L’eau froide enveloppe notre corps. Elle serre, elle sangle. En même temps les rayons brûlent. Sensation paradoxale. Ne pas rester très longtemps, juste quelques brasses dans la pureté exacte. Prendre soin de l’horizontalité parfaite de la surface, atténuer toute irisation. Entrer d’un coup. Et tandis que nous ne respirons plus pendant une minute, nous nous laissons porter. Le monde n’a plus de directions, tout au plus quelques régions plus claires que d’autres.
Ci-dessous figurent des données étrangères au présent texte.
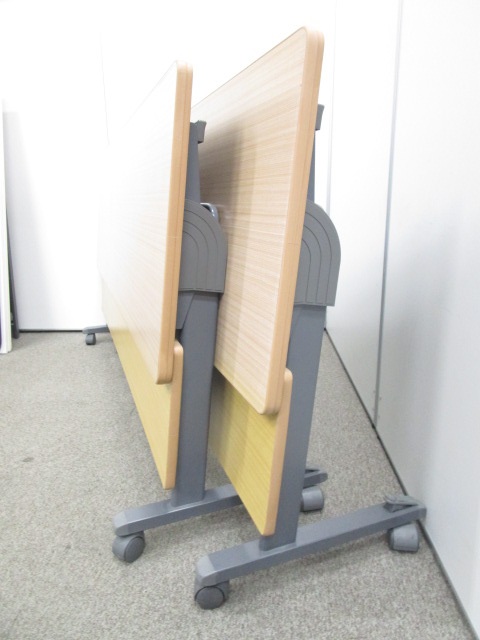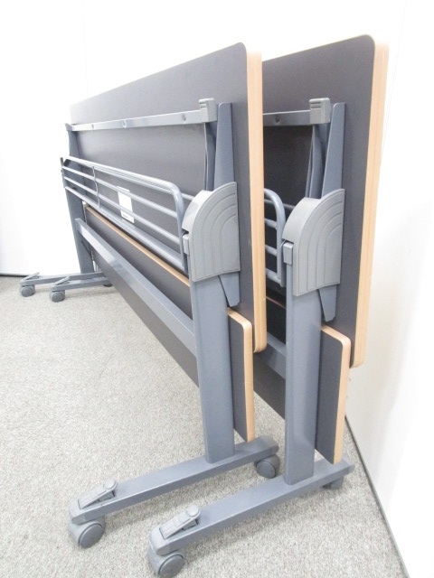 【2台セット割引10%OFF!1台8820円!!】【レア商品!】天板から幕板まで木目調の癒し系ステックテーブルです!|フラップテーブル|ミーティングテーブル- 池袋店

Sortir de l’eau comme nous y étions entré, sans remous, comme si l’on voulait que les perles ruisselantes sur le dos construisent un long manteau qui s’en irait rejoindre l’immensité liquide, comme si l’on voulait donner l’impression que la surface sécrète notre corps, comme un précipité, et que nous émergions dans le monde comme une excroissance de l’eau, comme un premier enfant vomi par la mer avec le devoir de conquérir la terre, comme si nous étions nous-mêmes une gerbe d’écume projetée au loin. Une langue d’eau relie encore notre corps émergé et la surface, cette enveloppe devient une immense traîne transparente et fragile, puis s’amincit chaque seconde jusqu’à finalement, fatalement, rompre, rejoignant alors la surface qui se creuse un instant, puis, ayant accueilli la goutte, se soulève en ce point précis, comme pour la renvoyer à nouveau vers le ciel, mais elle rejoint vite sa place et l’équilibre se rétablit. Nous conservons sur notre peau un peu de cette matière qui lentement s’égoutte.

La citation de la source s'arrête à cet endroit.